Exploring multi-metal biosorption by indigenous metal-hyperresistant Enterobacter sp. J1 using experimental design methodologies.

A novel experimental design, combining mixture design and response surface methodology (RSM), was developed to investigate the competitive adsorption behavior of lead, copper and cadmium by an indigenous isolate Enterobacter sp. J1 able to tolerate high concentrations of a variety of heavy metals. Using the proposed combinative experimental design, two different experiment designs in a ternary metal biosorption system can be integrated to a succinct experiment and the number of experimental trials was markedly reduced from 38 to 26 by reusing the mutual experimental data.
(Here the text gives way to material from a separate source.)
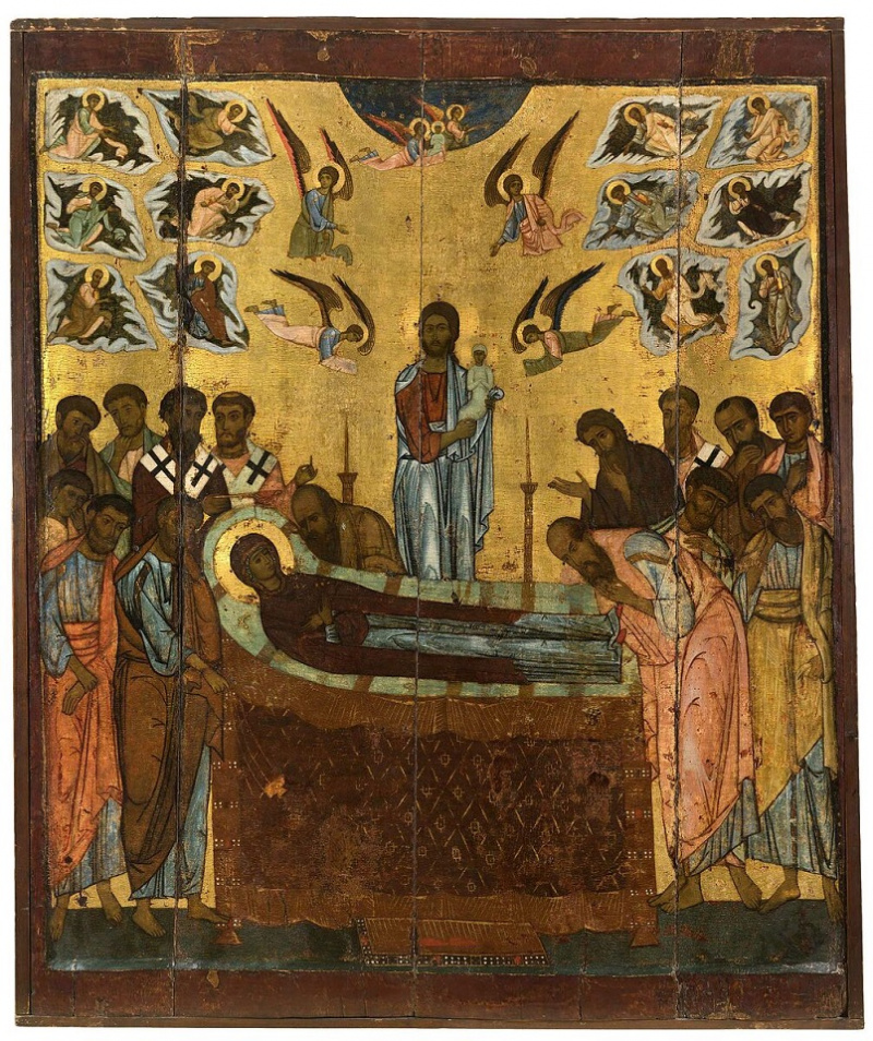 — Эти скорбь и печаль светлы, в них нет безысходности, потому что в событии Успения есть непреложное упование на жизнь вечную. Конечно, апостолы, и все кто знал Божию Матерь, не могли не испытывать чисто человеческих чувств от расставания с Ней здесь, на земле. Но они знают, что Христос Воскрес. И в целом эту мысль передает весь характер иконописного повествования: присутствие Спасителя, держащего душу Богородицы, ангелы, возносящие ее на небо. Ведь по Преданию, Богородица была взята на небеса с душой и телом. Поэтому в колорите иконы Успения мы никогда не увидим ничего мрачного. При всей скорбности события в ней звучат ликующие ноты вечного упования.

Triangular contour diagrams and triangular three-dimensional surface plots were generated to describe the ternary metal biosorption equilibrium data in mixture design systems. The results show that the preference of metal sorption of Enterobacter sp. J1 decreased in the order of Pb(2+)>Cu(2+)>Cd(2+). The presence of other metals resulted in a competitive effect. The influence of the other two metals in ternary metal biosorption system can be easily determined by comparing the stray distance from the single metal biosorption. The behavior of competitive biosorption was successfully described and predicted using a combined Langmuir-Freundlich model along with new three-dimensional contour-surface plots.